You feel like an X-Man.
From a minority’s point-of-view, you don’t actually realize that you’re smart (different) until later on, and when you do you see that the smartest choice to make is to not be smart (different). Let me explain.
First off, I don’t consider myself particularly developed in one area of intelligence, I consider myself to be naturally above average in most forms of intelligence.
I’m black and I grew up poor. Very poor, and thus I grew up in the worst of neighbourhoods and the worst of intelligence enhancing environments. Though we were technically well-off where I came from (Rwanda), when I emigrated with my sister and mother to America we quickly joined the American lower class/working poor. My mother being a single-mother usually worked two jobs just to feed us, clothe us, and to put us through school. On top of that, we moved around a lot, but usually stayed in the same state, from one apartment to another (I think this is because my mother couldn’t pay the rent on more than one occasion).
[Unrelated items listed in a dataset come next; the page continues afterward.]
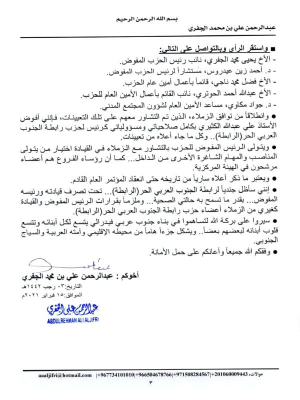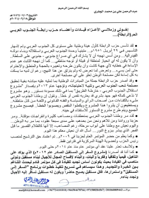 - تفويض الأخ علي عبدالله الكثيري برئاسة حزب رابطة الجنوب العربي الحر ونقل كافة الصلاحيات اليه.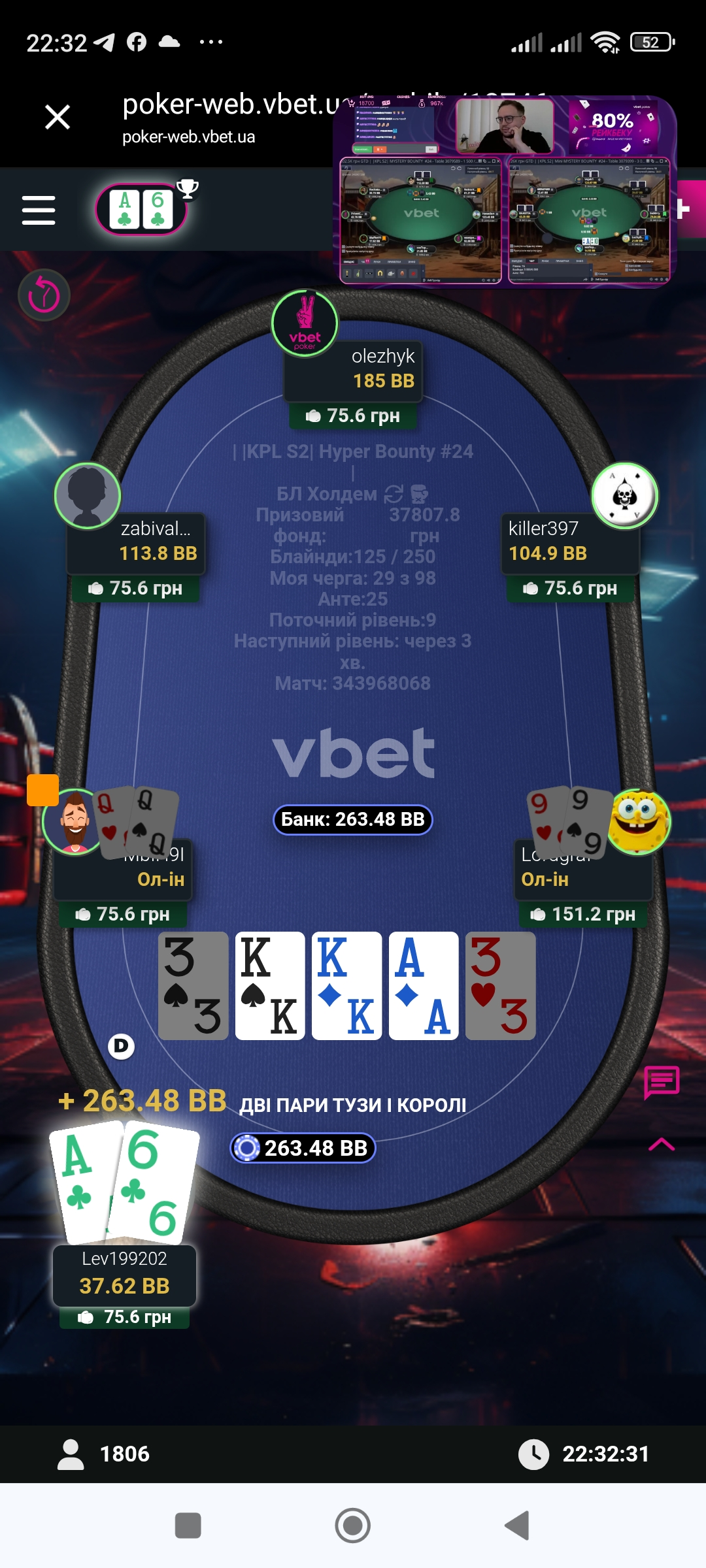 І так почнемо з четверга і стрімерського турніра на GG, і хоть цього разу за своїм столом я бачив не одного стрімера, та карта моя не давала змоги зробити жодного нока🥲 практично завжди пас задніх, але одного разу вдалось подвоїтись проти нашого Санти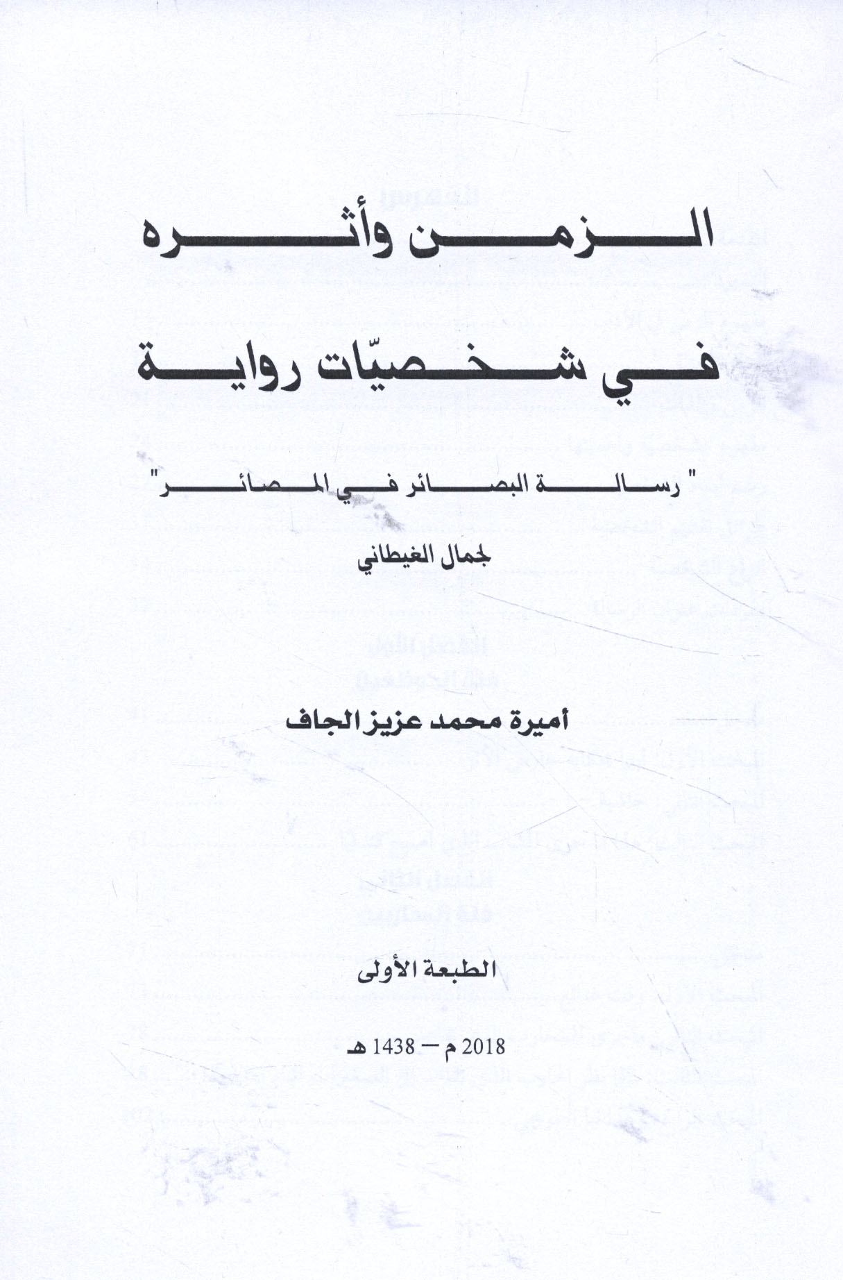 Zaman wa-atharuhu fī shakhṣīyāt riwāyat "Risālat al-baṣā’ir fī al-maṣā’ir" li-Jamāl al-Ghīṭānī

There was no such thing as money left over to spend on books and movies. The only books my sister and I ever received from our mother were a bible, and an ancient kid’s encyclopedia (that she most likely got for free from someone/somewhere). We had a television set but never had cable, and we got an old computer when I was around 13 with no internet, which I didn’t seriously pay attention to until I was a junior in high school. (We only got the computer because our mother was married to our step-father at the time, who’s a failed CS major. Every time I peaked at his CS books or asked what he was doing with the computer he said it was too complicated for boys like me and to stay out, so I did, more so because he was an asshole.) The only options really available to me and my sister most of the time were to stay inside and draw (we’re both considerably above average in the naturally artistic departments), or to go out, explorer the world and get in trouble with friends.